Aa Church (Aa kirke), located in Aakirkeby on the Danish island of Bornholm, is a Romanesque church dating from the 12th century. It is the parish church of Aaker Parish.

==History and architecture==
Aa Church, which literally means "stream church", owes its name to the two streams which run beside it. Dedicated to John the Baptist, it was first known as Sankt Hans kirke (St John's Church). A gilded figure of St John stood in the church until 1706 but was buried in the churchyard by the priest as it was attracting undue attention from Catholic prisoners during the Great Northern War.

The church was built in the latter half of the 12th century in several stages. The oldest remaining sections are the choir and apse and the lower parts of the nave, all characterized by greenish sandstone and rust-brown shale from nearby Grødby Stream. The western end of the nave and the tower are made of limestone. The men's door to the south and the women's door to the north have both been preserved although the latter has been transformed into a window.

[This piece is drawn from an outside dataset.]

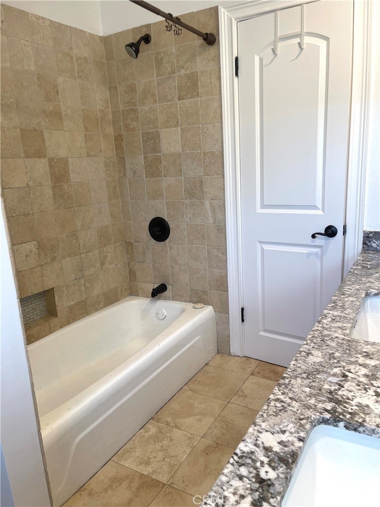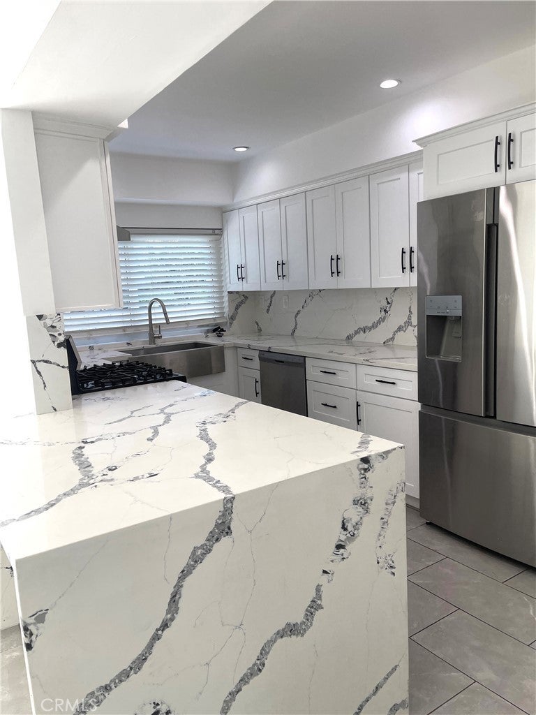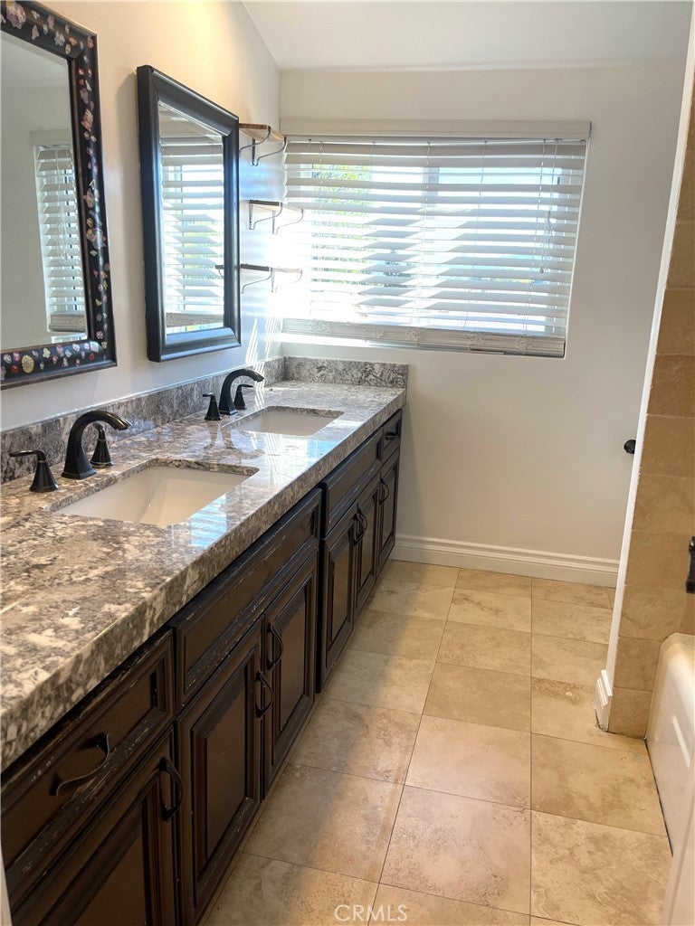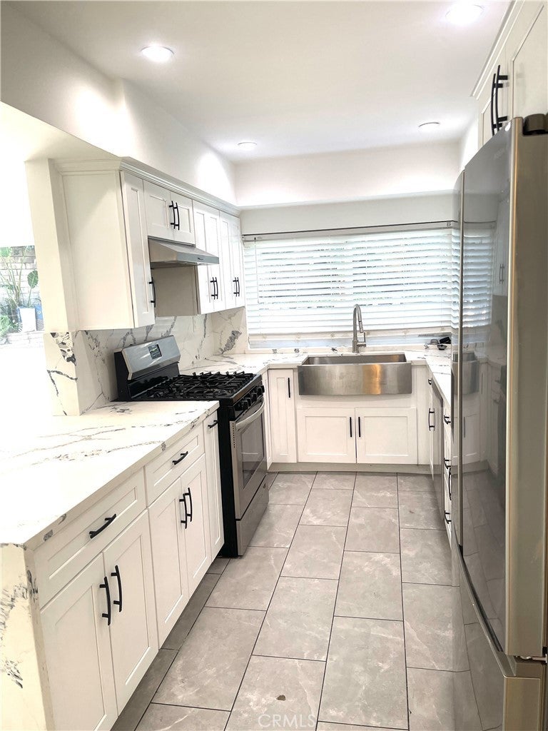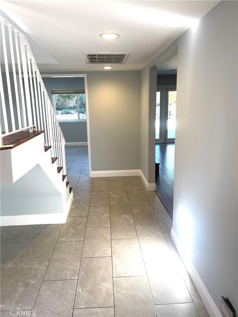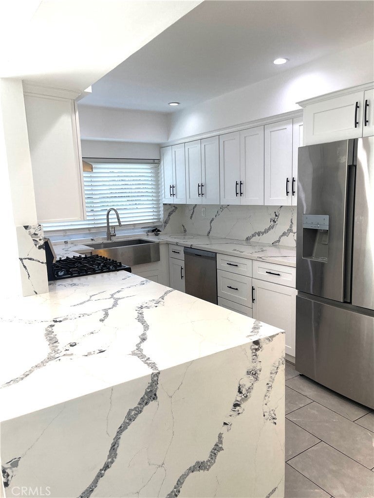Beautiful 5BD/3BA home in a quiet Granada Hills neighborhood. Kitchen with quartz countertops, new cabinetry, stainless steel appliances, and large breakfast counter with walk-in pantry. Kitchen, living room, and den open to a private backyard with pool and peekaboo views, also visible from the primary bedroom. One bedroom and ¾ bath downstairs. Upstairs features a spacious primary suite with vaulted ceilings, remodeled oversized bath, and his-and-her walk-in closets. Three additional bedrooms all with walk-in closets. New tile floors, laundry chute to garage, 2-car attached garage. Close to shopping area and major freeways. Must see.

The tower was originally narrower on the western side but was already widened to its current dimensions of 13 by 11 metres during the Romanesque period. With its four floors, it reaches a height of 22 metres. The twin roofs from the 14th century probably replaced a four-sided pyramid. The bells now hang here although they were originally housed in the Bornholm fashion in a separate bell tower to the south of the church. The vaulted rooms in the tower were once used to store foodstuffs. The porch of Nexø sandstone, the oldest on Bornholm, is slightly more recent than the tower but still dates to the Romanesque period around 1200–1235.

The nave is large and light with a flat wooden ceiling. The vaulted ceiling from the Gothic period c. 1350 is supported by four rectangular corner pillars. It was earlier divided into two by arcade walls and had a gallery for the nobles from the now ruined Lilleborg Castle. During major restoration work in 1874, the arcade walls were torn down giving the church its present shape. Further restoration was carried out in 1968.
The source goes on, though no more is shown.